§ What this task involves
The expected answer is the set of lines in the data below between the line holding "Grande botte chaussette" and the line holding "To set up map", inclusive, written out exactly.

§ Given information
[Start of Attachment]

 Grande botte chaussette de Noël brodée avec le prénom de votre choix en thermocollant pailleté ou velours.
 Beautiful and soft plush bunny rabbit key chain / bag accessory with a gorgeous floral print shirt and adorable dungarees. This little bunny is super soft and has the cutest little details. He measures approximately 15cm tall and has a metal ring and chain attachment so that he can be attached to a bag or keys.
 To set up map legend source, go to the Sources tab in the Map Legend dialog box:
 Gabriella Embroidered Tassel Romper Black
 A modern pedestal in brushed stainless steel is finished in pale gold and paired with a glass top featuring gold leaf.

[End of Attachment]
[Start of Attachment]

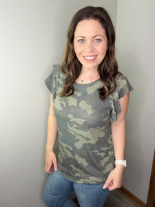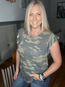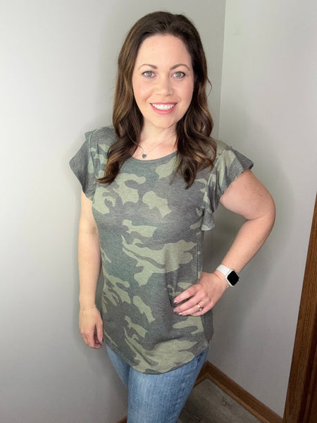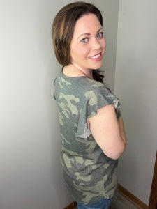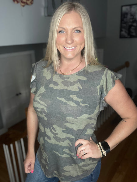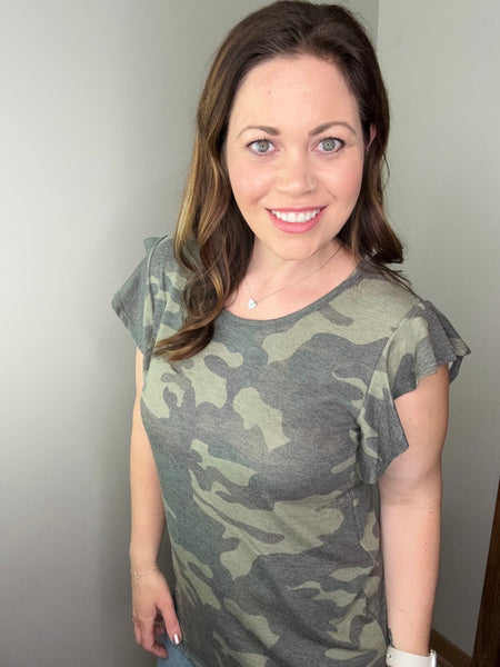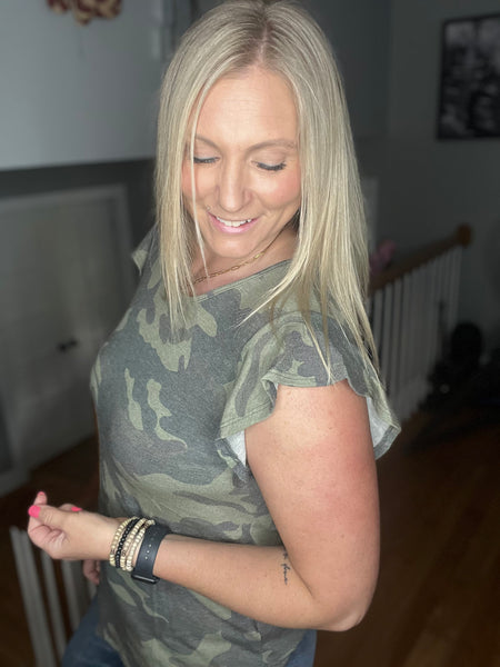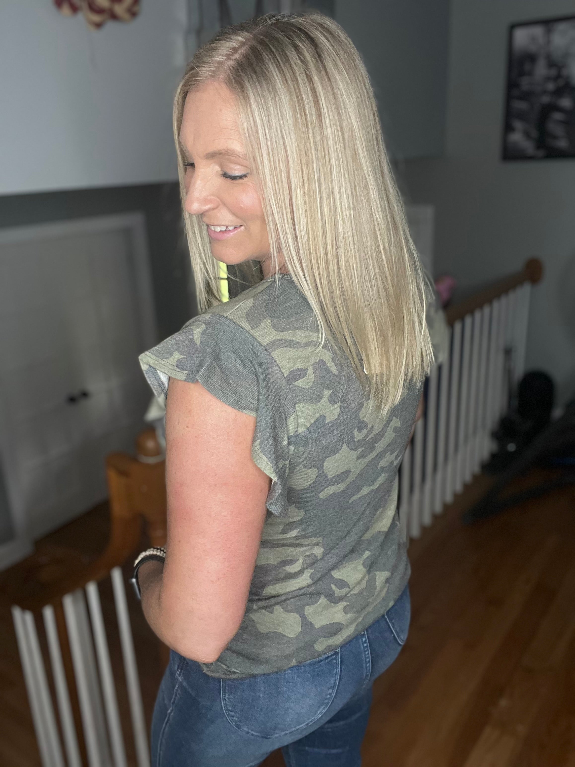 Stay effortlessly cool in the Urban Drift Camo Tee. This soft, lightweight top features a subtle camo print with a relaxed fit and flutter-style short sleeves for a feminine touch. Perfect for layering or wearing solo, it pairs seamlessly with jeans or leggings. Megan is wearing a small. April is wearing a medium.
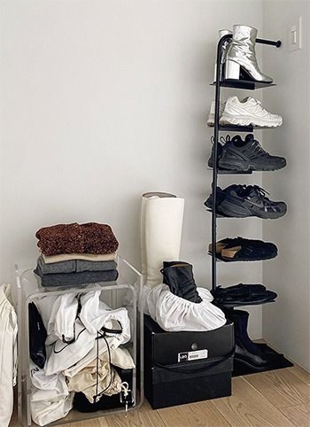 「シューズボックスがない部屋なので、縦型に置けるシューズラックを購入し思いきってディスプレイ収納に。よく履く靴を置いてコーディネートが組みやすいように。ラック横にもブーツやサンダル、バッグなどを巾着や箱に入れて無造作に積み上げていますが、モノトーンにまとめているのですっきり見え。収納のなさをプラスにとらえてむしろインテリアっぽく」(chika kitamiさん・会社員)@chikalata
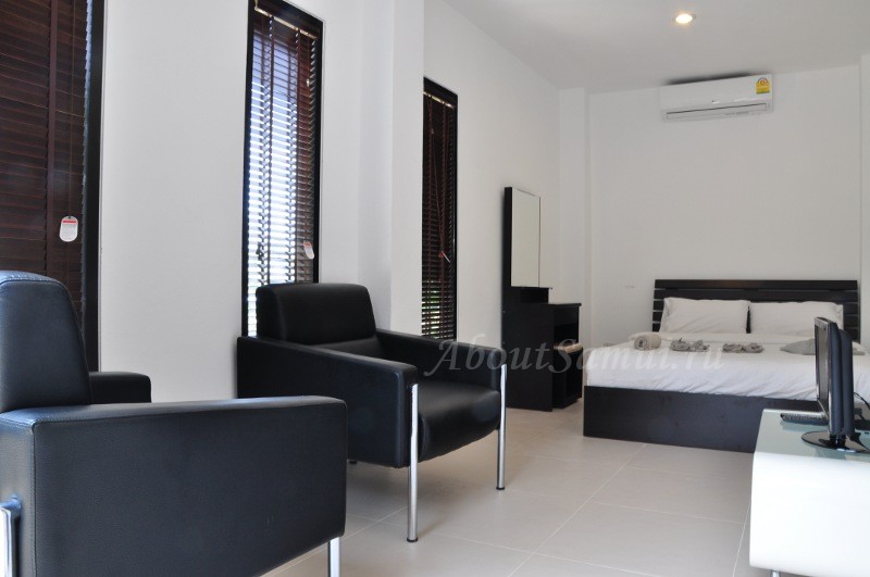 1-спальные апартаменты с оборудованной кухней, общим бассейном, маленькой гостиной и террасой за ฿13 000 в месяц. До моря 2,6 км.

[End of Attachment]

§ Answer space
 Grande botte chaussette de Noël brodée avec le prénom de votre choix en thermocollant pailleté ou velours.
 Beautiful and soft plush bunny rabbit key chain / bag accessory with a gorgeous floral print shirt and adorable dungarees. This little bunny is super soft and has the cutest little details. He measures approximately 15cm tall and has a metal ring and chain attachment so that he can be attached to a bag or keys.
 To set up map legend source, go to the Sources tab in the Map Legend dialog box:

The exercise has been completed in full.